The same goes for the dreaded associate attrition trend, about which people continue to fixate. Most associates leave their law firms by the end of five years! Why, yes, they do. If they didn’t, you’d have quite a problem come partnership time, wouldn’t you? A group of lawyers from Stikeman Elliott made this and other good points at a presentation during the NALP meeting last week — firms need associate attrition. Not all your early hires are going to work out — people change, especially during their 20s and early 30s when you first hired them.

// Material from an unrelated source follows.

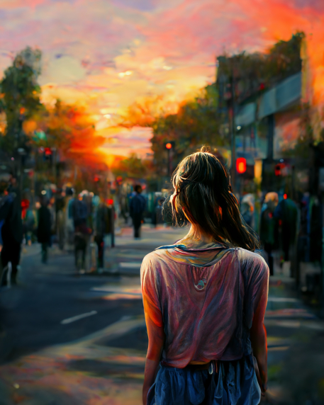 a girl on the street faceing backword and smile to him, 3D, sunset, hyper realistic, rule of third, full body

The amount of money firms spend on young talent, and their evident disinterest in taking serious action to staunch associate outflow, just confirms to me that talent has been almost a discretionary spend for law firms up until now. Young lawyers would need to cost a lot more than they currently do before partners really started feeling the pinch, and in no way would that cost threaten the overall financial viability of the enterprise. And considering how little rigour is brought to the new lawyer recruiting process generally, it’s no wonder there are so many more misses than hits over the first several years.

Two things are going to happen to change this. The first is that talent will become scarce, and good talent even more so, driving its real costs through the roof and making its departure much harder to bear. This, in turn, is going to force firms to pay much more attention to the new lawyer intake process and give much closer scrutiny to exactly who leaves. As the traditional pyramid structure of heavily leveraged associate starts crumbling, firms will hire fewer new lawyers, but they’ll need to keep them longer.

And firms will realize that the most important thing about associate attrition is not how many young lawyers leave, but whether the wrong ones are going.

What are you afraid of?

I spent several hours, Sunday before last, co-presenting a media training session for a group of in-house counsel. Among the many standard warnings we give to lawyers in these sessions is to proceed with caution around reporters, reminding trainees of the two ineluctable rules of the media:

1. Journalists are not your friends.

2. Nothing is ever off the record.

Now, that does tend to exaggerate the point for effect, and we did talk about the importance and benefits of developing a solid relationship of trust with selected reporters. But overall, we went heavier on the stick than the carrot. It’s better that lawyers be overcautious than undercautious when the microphone is live.

But afterwards, I admit, I found myself wondering if we tend to go too heavy with the warnings about dealing with reporters. Some are untrustworthy and will twist your words to get a juicier story and a better shot at publication, it’s true. But many of them are just doing their jobs, the same as lawyers, and needn’t be approached as the enemy. An abundance of caution can easily creep over the line into fear, defensiveness and aggression, none of which serve your purposes very well.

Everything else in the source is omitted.